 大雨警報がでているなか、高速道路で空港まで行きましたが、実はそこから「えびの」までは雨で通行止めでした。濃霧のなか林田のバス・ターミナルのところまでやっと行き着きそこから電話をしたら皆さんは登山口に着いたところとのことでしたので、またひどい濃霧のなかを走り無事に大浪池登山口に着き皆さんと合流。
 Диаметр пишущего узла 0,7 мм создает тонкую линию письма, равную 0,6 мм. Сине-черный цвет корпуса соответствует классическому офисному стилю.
--
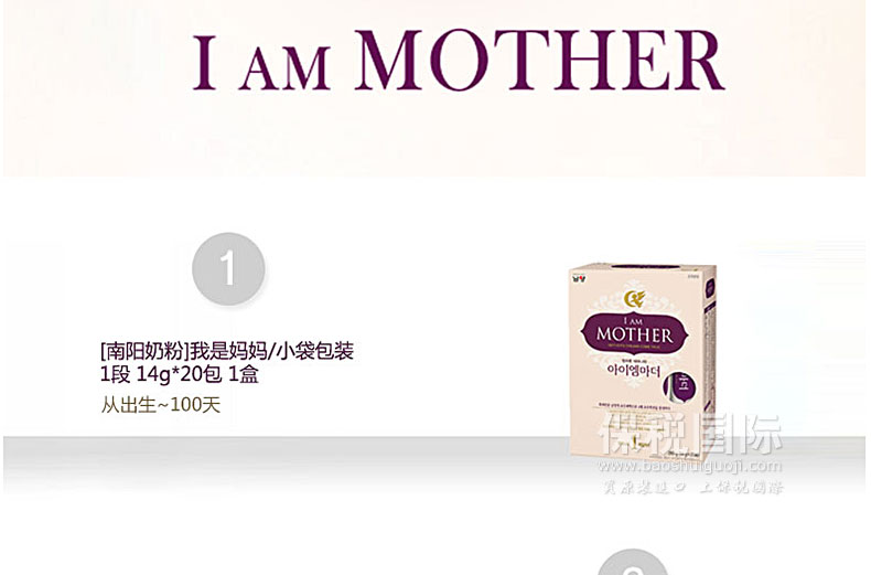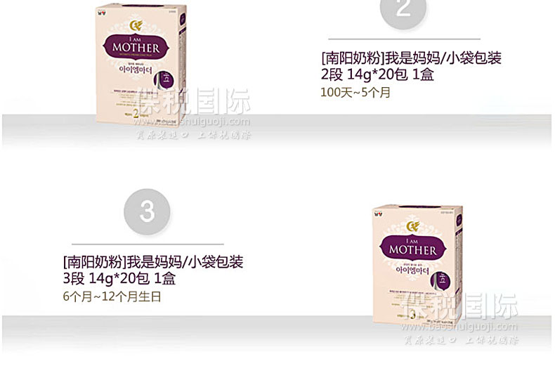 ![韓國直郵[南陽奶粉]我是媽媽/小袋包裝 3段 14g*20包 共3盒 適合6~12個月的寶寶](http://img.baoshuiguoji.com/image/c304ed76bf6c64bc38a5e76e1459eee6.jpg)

EXERCISE DETAILS: Here the job is to set down exactly the lines of the material above that fall between the one with "大雨警報がでているなか、高速" and the one with "Диаметр пишущего узла", inclusive, and nothing beyond them.

FINAL ANSWER:
 大雨警報がでているなか、高速道路で空港まで行きましたが、実はそこから「えびの」までは雨で通行止めでした。濃霧のなか林田のバス・ターミナルのところまでやっと行き着きそこから電話をしたら皆さんは登山口に着いたところとのことでしたので、またひどい濃霧のなかを走り無事に大浪池登山口に着き皆さんと合流。
 Диаметр пишущего узла 0,7 мм создает тонкую линию письма, равную 0,6 мм. Сине-черный цвет корпуса соответствует классическому офисному стилю.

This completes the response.